Neptune is an average distance of $4.5 \times 10^9 \textrm{ km}$ from the Sun. Estimate the length of the Neptunian year using the fact that the Earth is $1.50 \times 10^8 \textrm{ km}$ from the Sun on average.

VIDEO TRANSCRIPT

This is Giancoli Answers with Mr. Dychko. Kepler's third law says that when you take the square of the period of one planet around the Sun, and divide it by the square of the period of some other planet orbiting the Sun, that's gonna equal the cube of the first planet's average distance from the Sun divided by the cube of the other planet's average distance from the Sun.
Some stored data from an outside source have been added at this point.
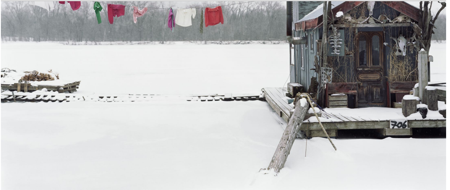
Peter's Houseboat, Winona, MN, 2003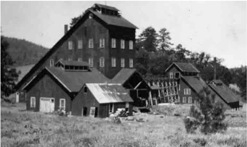
Stonewall Mine, abandoned, ca. 1903.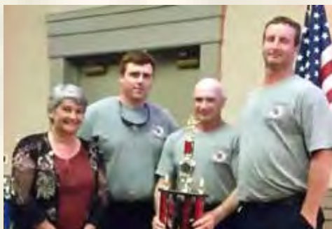
Overall 2nd Place – Fulton VFD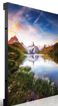
Samsung IF Series LED Panel

"I thought of Samsung technology as soon as I saw the wall proportions and curvature," said Burkett. "Then I involved two AVI Systems' partners who helped make this video wall a reality. Premier Mounts and Ion Visual Solutions played instrumental roles to ensure the Samsung display wall fit the environment.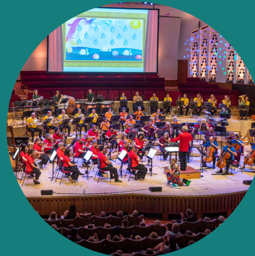
▲ Liverpool Philharmonic Schools' Concerts 2022

Our much-loved schools' concerts made a welcome return to Liverpool Philharmonic Hall in 2022. 17,726 children and teachers from 176 different schools across the region visited us this year across 13 enjoyable and educational concerts.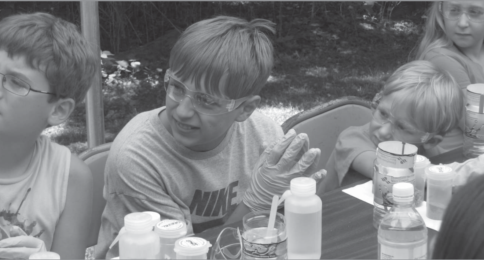
Junior Chemists build an individual water filtration device during a Wonderful World of Water Day Camp at the Greentree Nature Center.

Water, water, everywhere! PRC's Watershed Awareness Program is overflowing! Since its inception as an in-school program in 2003, it has expanded to include the Celebrate the Rain! Watershed Awareness/Rain Barrel Workshop for the adult community, Act 48 teacher workshops, pre-service teacher workshops and The Wonderful World of Water Day Camp – a free children's summer camp sponsored by the Pennsylvania American Water Company.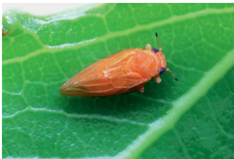
Fig. 1: Camarotoscena subrubescens – adult.

As long ago as 1888 Franz Löw made the most comprehensive overview of psyllids occurring in the territory of the former Austrian-Hungarian monarchy, which includes also the territory of the present Slovenia (Löw, 1888). This remains until now the only specialized work dealing with psyllids in the territory of Slovenia. In that work, 37 species belonging to the family Psyllidae and 14 species of Triozidae, collected within the Slovene territory are recorded. Most of the data Löw included were provided by Franz Then, who collected psyllids in the surroundings of Lesce (Less) and Bled (Valdes) and by Andor Hensch, who worked and collected in the surroundings of Gorica (Görz, Gorizia). The type material of at least three species originates from these two collecting areas. The type material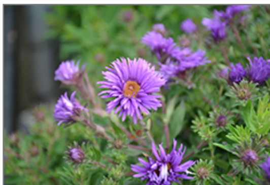
Grape Crush New England Aster flowers

So we can solve this for the period of Neptune by multiplying both sides by the period of Earth, which we know to be 1 year. Multiply both sides by period of Earth squared and then take the square root of both sides and you get this; and you could even, you know, if we wanted to simplify it a bit more, we could write T Earth, take it out from under the square root sign, if you like it, and then have r Neptune cube divided by distance from the Earth to the Sun, cubed. Anyway, we get a square root of 365 days squared times 4.5 times 10 to the 9 kilometers; and now normally, I would turn this kilometers into meters because we typically like—meters, kilograms and seconds—in our formulas, and that would be fine if you did. But I didn't bother because it's kilograms, or kilometers cube divided by kilometers cube and I know that these units are just going to cancel anyway and they won't matter; so long as they are the same, they are gonna cancel and we are gonna be left with the square root of days squared, which is days. So here's the Neptune distance from the Sun average and here's the average distance from the Earth to the Sun, cube both of those distances, divide them, multiply by the 1 Earth-year in days, 365 days squared, square root that whole result and you get about 160 years is the period of Neptune's revolution around the Sun.